:: Exercise details ::
Beneath this line are the data; copy exactly the part of them that opens with the line containing "Welcome Home! This" and closes with the line containing "Ancient city gates", and only that part.

(Excerpts from a dataset)
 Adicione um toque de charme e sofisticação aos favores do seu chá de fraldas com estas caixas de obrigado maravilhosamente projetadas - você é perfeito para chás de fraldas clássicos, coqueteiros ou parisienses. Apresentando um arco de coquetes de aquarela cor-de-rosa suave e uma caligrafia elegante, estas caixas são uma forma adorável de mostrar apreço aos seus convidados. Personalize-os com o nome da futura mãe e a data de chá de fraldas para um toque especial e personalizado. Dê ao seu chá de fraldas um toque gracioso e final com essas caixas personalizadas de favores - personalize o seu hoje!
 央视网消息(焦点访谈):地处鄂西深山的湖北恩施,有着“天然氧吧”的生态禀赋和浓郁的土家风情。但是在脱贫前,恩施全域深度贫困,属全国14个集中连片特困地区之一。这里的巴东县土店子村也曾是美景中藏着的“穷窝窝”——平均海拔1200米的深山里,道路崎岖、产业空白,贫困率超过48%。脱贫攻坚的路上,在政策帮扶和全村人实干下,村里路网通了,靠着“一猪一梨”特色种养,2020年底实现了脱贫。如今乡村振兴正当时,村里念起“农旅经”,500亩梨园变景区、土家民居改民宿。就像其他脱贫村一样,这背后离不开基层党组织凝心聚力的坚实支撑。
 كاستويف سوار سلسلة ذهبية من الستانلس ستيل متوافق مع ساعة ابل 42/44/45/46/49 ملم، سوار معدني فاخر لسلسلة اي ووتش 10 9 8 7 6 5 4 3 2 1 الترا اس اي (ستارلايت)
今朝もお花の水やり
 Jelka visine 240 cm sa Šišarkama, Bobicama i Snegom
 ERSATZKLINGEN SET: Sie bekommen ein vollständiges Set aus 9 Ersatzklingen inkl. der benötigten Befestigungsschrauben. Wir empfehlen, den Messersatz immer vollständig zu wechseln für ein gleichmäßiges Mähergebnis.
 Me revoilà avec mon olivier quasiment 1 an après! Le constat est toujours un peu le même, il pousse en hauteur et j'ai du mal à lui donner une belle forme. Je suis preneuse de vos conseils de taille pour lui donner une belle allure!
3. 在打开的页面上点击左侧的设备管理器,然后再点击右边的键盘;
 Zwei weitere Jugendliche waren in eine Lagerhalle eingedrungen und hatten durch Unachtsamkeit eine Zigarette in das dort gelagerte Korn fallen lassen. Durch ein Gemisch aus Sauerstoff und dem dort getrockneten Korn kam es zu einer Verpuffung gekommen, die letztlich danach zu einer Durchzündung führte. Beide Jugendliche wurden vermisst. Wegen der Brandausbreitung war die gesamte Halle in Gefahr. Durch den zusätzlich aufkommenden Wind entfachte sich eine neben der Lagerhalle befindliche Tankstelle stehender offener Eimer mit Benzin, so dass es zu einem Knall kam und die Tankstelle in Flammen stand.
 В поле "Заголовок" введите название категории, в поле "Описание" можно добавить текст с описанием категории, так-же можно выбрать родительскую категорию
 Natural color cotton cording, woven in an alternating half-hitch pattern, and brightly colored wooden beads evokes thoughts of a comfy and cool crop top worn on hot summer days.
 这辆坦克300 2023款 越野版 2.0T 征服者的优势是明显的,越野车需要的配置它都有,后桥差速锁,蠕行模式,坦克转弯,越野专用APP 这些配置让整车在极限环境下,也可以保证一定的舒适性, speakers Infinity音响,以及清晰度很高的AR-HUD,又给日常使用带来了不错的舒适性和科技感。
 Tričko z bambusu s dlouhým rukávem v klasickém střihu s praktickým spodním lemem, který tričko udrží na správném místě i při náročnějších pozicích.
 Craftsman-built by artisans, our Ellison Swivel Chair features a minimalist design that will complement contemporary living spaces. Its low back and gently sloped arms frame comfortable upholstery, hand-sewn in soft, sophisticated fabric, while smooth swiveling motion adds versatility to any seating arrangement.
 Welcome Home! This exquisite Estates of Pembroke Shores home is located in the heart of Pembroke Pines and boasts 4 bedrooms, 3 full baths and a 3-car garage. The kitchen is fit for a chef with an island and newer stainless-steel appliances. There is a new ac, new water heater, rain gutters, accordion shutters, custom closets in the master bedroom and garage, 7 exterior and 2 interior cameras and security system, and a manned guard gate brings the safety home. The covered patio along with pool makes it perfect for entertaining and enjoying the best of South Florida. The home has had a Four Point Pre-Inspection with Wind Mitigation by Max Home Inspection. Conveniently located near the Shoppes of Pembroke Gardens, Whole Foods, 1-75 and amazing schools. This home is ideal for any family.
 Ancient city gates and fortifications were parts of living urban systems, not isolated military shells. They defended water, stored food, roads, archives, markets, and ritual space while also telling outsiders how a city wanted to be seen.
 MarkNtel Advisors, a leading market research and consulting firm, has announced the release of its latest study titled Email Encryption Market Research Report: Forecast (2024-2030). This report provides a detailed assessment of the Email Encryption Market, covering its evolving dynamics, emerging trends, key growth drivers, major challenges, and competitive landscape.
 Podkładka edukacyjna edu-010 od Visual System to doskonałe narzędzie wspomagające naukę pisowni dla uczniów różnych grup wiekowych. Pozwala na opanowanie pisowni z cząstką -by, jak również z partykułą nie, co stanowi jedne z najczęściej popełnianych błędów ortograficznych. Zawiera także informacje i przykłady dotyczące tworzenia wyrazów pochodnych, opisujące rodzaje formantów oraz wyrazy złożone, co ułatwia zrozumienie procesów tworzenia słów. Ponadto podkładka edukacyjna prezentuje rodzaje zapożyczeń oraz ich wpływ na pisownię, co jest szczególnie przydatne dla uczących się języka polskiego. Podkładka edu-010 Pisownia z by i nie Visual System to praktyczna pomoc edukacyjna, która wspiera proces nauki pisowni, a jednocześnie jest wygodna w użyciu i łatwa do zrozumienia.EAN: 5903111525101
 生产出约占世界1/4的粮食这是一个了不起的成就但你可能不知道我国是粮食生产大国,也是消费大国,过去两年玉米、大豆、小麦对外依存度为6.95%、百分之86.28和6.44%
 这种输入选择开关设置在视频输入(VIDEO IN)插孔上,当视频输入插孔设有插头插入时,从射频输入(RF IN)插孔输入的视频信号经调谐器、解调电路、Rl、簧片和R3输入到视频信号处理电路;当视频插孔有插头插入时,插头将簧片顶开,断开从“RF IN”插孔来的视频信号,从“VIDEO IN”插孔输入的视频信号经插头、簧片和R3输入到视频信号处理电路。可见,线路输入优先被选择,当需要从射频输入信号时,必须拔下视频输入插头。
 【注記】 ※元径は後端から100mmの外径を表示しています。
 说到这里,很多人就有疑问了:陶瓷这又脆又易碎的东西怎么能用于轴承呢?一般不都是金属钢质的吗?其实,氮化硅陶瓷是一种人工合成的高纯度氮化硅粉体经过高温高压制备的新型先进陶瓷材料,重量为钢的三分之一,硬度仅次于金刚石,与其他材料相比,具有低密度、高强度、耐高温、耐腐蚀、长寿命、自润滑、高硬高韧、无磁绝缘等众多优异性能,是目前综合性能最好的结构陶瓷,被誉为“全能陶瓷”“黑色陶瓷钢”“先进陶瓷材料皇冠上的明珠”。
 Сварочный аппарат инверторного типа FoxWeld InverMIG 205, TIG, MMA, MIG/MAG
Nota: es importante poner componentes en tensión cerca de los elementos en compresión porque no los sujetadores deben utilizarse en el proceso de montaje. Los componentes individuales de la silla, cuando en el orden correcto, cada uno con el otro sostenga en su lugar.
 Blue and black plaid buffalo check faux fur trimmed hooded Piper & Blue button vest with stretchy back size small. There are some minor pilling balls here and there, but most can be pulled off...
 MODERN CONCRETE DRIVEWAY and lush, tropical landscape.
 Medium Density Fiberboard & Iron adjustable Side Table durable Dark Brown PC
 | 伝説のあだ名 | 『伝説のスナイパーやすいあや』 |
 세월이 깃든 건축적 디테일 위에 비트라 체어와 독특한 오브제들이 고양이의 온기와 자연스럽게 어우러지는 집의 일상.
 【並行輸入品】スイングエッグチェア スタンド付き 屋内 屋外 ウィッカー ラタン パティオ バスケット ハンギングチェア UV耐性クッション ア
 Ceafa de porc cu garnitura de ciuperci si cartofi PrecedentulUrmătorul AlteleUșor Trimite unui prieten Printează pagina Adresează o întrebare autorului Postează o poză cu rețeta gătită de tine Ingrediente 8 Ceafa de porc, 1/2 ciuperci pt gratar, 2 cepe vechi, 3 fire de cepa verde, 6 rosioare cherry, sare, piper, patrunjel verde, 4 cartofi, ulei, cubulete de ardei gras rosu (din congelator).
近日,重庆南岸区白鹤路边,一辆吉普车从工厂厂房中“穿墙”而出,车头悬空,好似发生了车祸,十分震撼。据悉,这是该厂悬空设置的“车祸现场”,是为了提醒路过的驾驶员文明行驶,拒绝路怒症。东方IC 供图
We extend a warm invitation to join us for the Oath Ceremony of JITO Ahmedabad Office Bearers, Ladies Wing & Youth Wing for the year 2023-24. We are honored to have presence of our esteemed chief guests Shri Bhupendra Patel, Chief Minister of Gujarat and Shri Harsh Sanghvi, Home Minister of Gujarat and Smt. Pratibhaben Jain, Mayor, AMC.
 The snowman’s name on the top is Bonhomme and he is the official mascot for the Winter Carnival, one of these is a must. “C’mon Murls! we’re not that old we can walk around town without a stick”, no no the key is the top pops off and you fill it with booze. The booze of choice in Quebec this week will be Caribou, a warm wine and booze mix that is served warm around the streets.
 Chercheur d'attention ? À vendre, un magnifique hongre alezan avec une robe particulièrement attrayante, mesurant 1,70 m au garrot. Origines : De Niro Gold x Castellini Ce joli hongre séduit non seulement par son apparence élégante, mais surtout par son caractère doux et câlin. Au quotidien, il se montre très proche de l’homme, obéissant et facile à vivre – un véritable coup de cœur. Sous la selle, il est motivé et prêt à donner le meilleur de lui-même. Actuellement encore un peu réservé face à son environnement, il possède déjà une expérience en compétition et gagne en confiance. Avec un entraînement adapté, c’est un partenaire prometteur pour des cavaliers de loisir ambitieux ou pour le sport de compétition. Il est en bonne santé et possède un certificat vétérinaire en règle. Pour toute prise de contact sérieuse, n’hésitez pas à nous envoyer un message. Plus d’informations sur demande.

:: Task result ::
 Welcome Home! This exquisite Estates of Pembroke Shores home is located in the heart of Pembroke Pines and boasts 4 bedrooms, 3 full baths and a 3-car garage. The kitchen is fit for a chef with an island and newer stainless-steel appliances. There is a new ac, new water heater, rain gutters, accordion shutters, custom closets in the master bedroom and garage, 7 exterior and 2 interior cameras and security system, and a manned guard gate brings the safety home. The covered patio along with pool makes it perfect for entertaining and enjoying the best of South Florida. The home has had a Four Point Pre-Inspection with Wind Mitigation by Max Home Inspection. Conveniently located near the Shoppes of Pembroke Gardens, Whole Foods, 1-75 and amazing schools. This home is ideal for any family.
 Ancient city gates and fortifications were parts of living urban systems, not isolated military shells. They defended water, stored food, roads, archives, markets, and ritual space while also telling outsiders how a city wanted to be seen.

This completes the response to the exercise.